Chocolate has an even better flavor if you listen to this new song – composed of a scientist passionate about music

A sweet melody, an even sweeter bite.

A researcher from the University of Bristol has created a song that really manages to make the chocolate better if you listen to it while you eat it.

Dr. Natalie Hyacinth, expert on sounds and also composer, has put together a piece of music after decades of studies that demonstrate how the tone, rhythm and shade of music can deceive the brain and make us perceive sweets as more intense and greedy.

The trick lies in what scientists call “multisensory integration”: the senses mix and strengthen each other.

If you combine the chocolate (or a sweetened fruit) with a right melody, the brain transforms the dessert into a kind of concert. It is as if your senses made a jam session.

From the research it came out that the soft and velvety melodies, in greater shade, make the chocolate look sweeter and creamier. The most pungent notes, on the other hand, accentuate their bitter. The fast rhythms? Better to leave them to a fast food.
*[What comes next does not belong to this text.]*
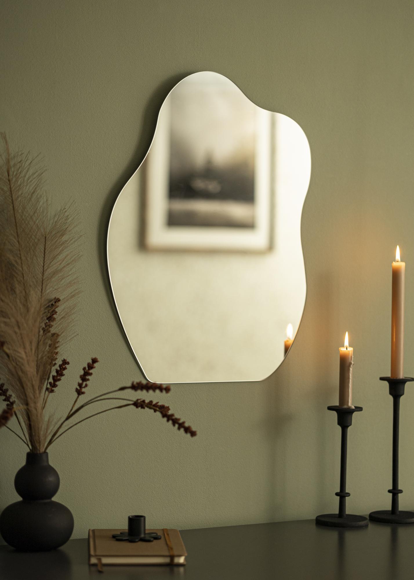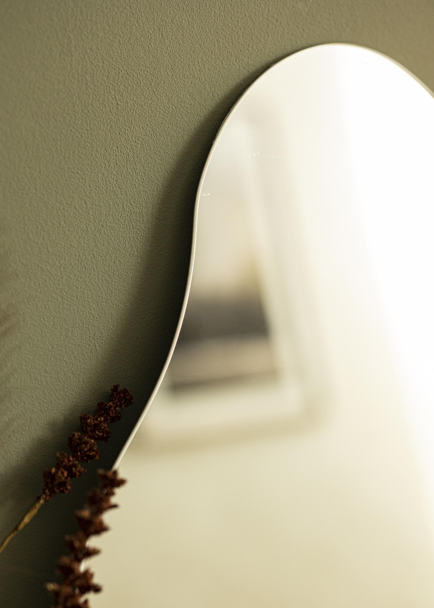 Dieser Wandspiegel bietet Eleganz und Verspieltheit, mit einer welligen Form, die dem Spiegel sein einzigartiges Aussehen verleiht. Die Unterkante ist gerade, was bedeutet, dass der Spiegel gut geeignet ist, um auf einem Möbelstück gegen die Wand gelehnt zu stehen. Natürlich können Sie den Spiegel auch an der Wand montieren!

The Galaxy Chocolate brand wanted to test this science by creating a 90 second track together with the researcher, called Sweetest Melody: 78 BPM, designed to melt in the ears at the same time when the chocolate melts in the mouth.

Piano for sweetness, arches for softness and harp to accompany everything with fluidity. The song can already be heard on YouTube and Spotify.

Hyacinth explained that “enjoying chocolate can be a multisensory experience that goes beyond flavor and involves all the senses”.
And he added that “the power of music in increasing the pleasure of chocolate is something exciting”.

The idea was also born thanks to a survey on 2,000 British: 37% said that a dessert is essential for moments of personal relaxation, while 56% raise music to unplug.

According to the director of the Galaxy brand, Romi Mackiewicz, the goal is to transform chocolate into “a symphony for the senses”.

It is no isolated case: music is now often used as a medicine for mood. This spring, for example, was spoken of Weightlessan eight -minute ambient song by the English Band Marconi Union, called a real sound sedative.

The piece was designed specifically to lower stress, and science confirms it: in a study, the people connected to biometric sensors saw the anxiety drop by 65% ​​while listening to Weightless trying to solve complex puzzles.

Natalie Hyacinth’s work is part of the wake of Charles Spence, the psychologist of Oxford who has been studying how sounds and colors have been transforming the flavor of food for years.

Charles Spence is an experimental psychologist of Oxford who has revolutionized the way we think about food. With its experiments of “multisensory gastronomy” it has shown that we do not eat only with the mouth, but also with eyes and ears: from the chips that seem more crunchy if the noise is more acute, to the sweeter strawberry mousse in white dishes, up to the candies that change flavor depending on music. A true pioneer in showing how our senses intertwine at the table.